Белый Тюльпан. Самые пронзительные турецкие рассказы ХХ века. Уровень 1 - Сейфеддин Омер 2 стр.


 Çünkü ben boyun eğmem, el etek öpmem, dedi, halbuki devletliler, mevkilerine hep boyun eğer, el etek hatta ayak öperler ve etraflarına daima hep bu çirkin hareketleri tekrarlayanları toplarlar. Mert, doğru, hür, vicdanının sesine kulak veren bir adam gördüler mi hemen onu mahvetmeye çalışırlar. Gedik Ahmet Paşa[37] niçin hançerlendi, paşam?
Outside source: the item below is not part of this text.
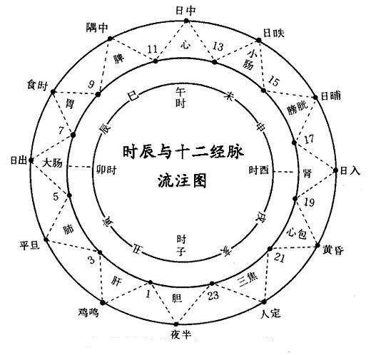 患者自诉凌晨五至七时腹胀为甚,以子午流注图示(如下图),昼则阳气在外,夜则阳气在内,一日之中,升降出入,阴阳循环,平旦则阳气始生,日出则阳气升,凌晨五至七点正日出之际,乃属手阳明大肠经主升,中焦虚寒,枢机不利,阳气欲升,与寒邪相争于中,故见此时腹胀尤甚。脾胃中焦枢纽,胃为阳土,素纳冷食,寒则伤阳,谷气不消,故见纳差;脾为己土,胃气不降,则脾气不升,经云:浊气在上则生瞋胀故腹胀;清气在下则生飧泄,故大便偏稀;脾胃后天之本,气血生化之源,脾胃纳谷无力,生化不足,形体失于濡养,故见面色少华、精神欠佳;母病及子,肺气不足,气不足以言,故言语低微;脾主四肢,四维相代,阳气乃绝,故四肢不温;肾为土之母,久病及肾,肾阳虚衰,肌肤失于温煦,不耐风寒,故见畏寒;冬则阳气闭藏,阴气用事,则畏寒怕冷加重;腰为肾之府,故见腰冷;膀胱气化不足,故见夜尿次数多;舌胖齿印、舌质偏瘀暗、脉沉弱皆为脾胃阳虚之证。

Sadrazam, yavaşça dişlerini sıktı. Gözlerini süzdü. Tuttuğu kağıdı buruşturdu. Hiddetlenemiyordu. Ama yanaklarına bir titreme geldi. Vezirken değil, hatta daha beylerbeyi iken bile karşısında kimse böyle dümdüz laf söyleyememişti. Tekrar Acaba deli mi? diye düşündü. Deli değilse bu ne küstahlıktı? Gözlerini daha beter süzdü. İçinden, Şunun başını vurdursam dedi. Kapıcılara bağırmak için ağzını açacaktı. Ansızın vicdanının sesini işitti: İşte, sen de yalakalık, riya, dalkavukluk yollarından yükselenler gibi serbest, düz bir lafı çekemiyorsun! Sen de karşında mert bir insan değil, ayaklarını yalayan bir köpek, zilletinin altında iki kat olmuş bir maskara, bir rezil istiyorsun! Süzük gözlerini açtı. Avucunda sıktığı kağıdı yanına koydu. Tekrar Muhsin Çelebiye baktı. Ortasında geniş bir kılıç yarasının izi parlayan yüksek alnı al yanakları yeni tıraşlı, beyaz yüzü, kalın boynu biraz büyük, eğri burnu ince sarığı tıpkı Şehname[38] sayfalarında görülen eski kahramanların resimlerine benziyordu. Evet bu, alnında yarası görülen kılıcın yere düşüremediği canlı bir kahramandı. Tam bizim aradığımız adam işte dedi. Bu kadar pervasız bir adam devletine, milletine yapılacak hareketi de çekemez, ölümden korkmazdı. Kavuğunu hafifçe salladı:

 Seni Tebrize elçi olarak göndereceğiz.

Muhsin Çelebi sordu:

 Aranızda o kadar çok nişancılar, katipler, hocalar var. Niçin onlardan seçmiyorsunuz?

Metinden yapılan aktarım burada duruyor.